YOUR TASK - Where the line containing "Набор коробок 3" appears, end the copy there, keeping that line; start from the first line of the entries, copy exactly, and omit pictures.

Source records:
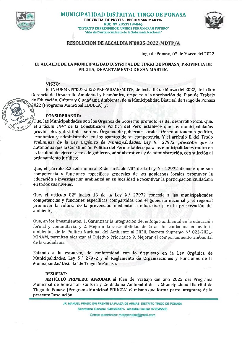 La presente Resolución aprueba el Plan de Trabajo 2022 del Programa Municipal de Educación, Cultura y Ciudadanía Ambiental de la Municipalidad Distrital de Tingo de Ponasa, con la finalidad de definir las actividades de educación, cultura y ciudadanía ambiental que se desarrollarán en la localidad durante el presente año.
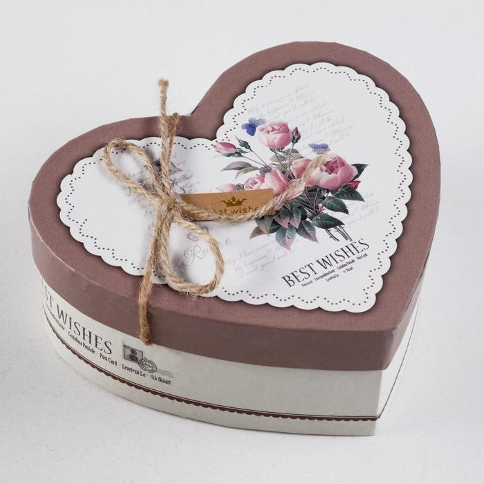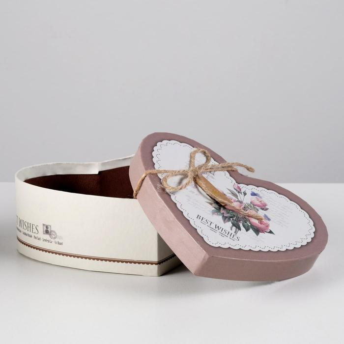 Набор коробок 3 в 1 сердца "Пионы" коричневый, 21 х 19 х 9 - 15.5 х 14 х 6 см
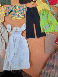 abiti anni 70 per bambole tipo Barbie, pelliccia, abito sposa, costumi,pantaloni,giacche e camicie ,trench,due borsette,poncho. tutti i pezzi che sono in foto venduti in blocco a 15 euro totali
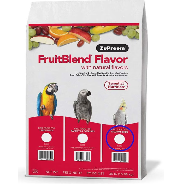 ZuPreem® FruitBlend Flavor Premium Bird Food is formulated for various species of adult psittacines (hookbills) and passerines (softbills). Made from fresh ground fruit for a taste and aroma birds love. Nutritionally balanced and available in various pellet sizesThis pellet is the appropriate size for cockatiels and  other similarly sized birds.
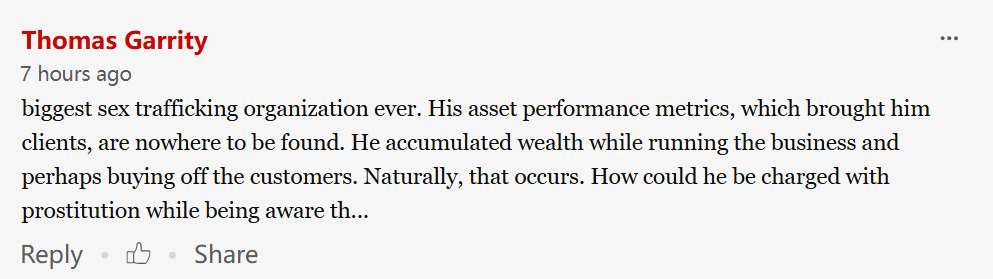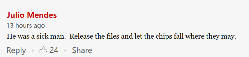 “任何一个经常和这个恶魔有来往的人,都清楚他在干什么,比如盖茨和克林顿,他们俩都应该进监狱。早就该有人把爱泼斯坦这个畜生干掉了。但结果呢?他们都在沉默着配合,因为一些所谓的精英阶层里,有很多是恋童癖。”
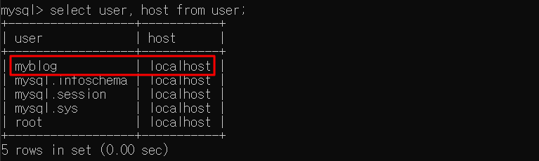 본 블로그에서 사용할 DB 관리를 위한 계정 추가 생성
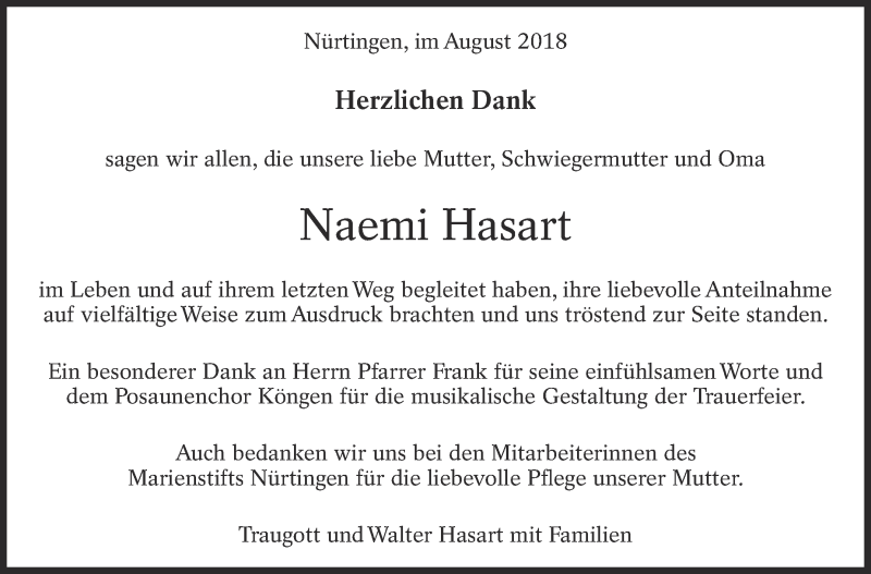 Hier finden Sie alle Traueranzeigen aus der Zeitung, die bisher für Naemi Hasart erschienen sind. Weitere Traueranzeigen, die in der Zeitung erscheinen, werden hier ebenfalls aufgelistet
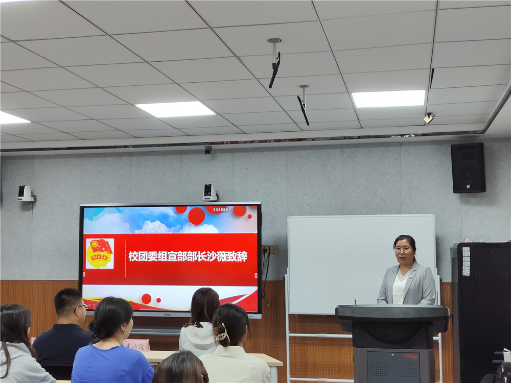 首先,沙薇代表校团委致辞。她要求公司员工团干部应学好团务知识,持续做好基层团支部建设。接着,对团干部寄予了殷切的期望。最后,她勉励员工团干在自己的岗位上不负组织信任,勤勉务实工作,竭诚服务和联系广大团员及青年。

ANSWER SPACE -
 La presente Resolución aprueba el Plan de Trabajo 2022 del Programa Municipal de Educación, Cultura y Ciudadanía Ambiental de la Municipalidad Distrital de Tingo de Ponasa, con la finalidad de definir las actividades de educación, cultura y ciudadanía ambiental que se desarrollarán en la localidad durante el presente año.
 Набор коробок 3 в 1 сердца "Пионы" коричневый, 21 х 19 х 9 - 15.5 х 14 х 6 см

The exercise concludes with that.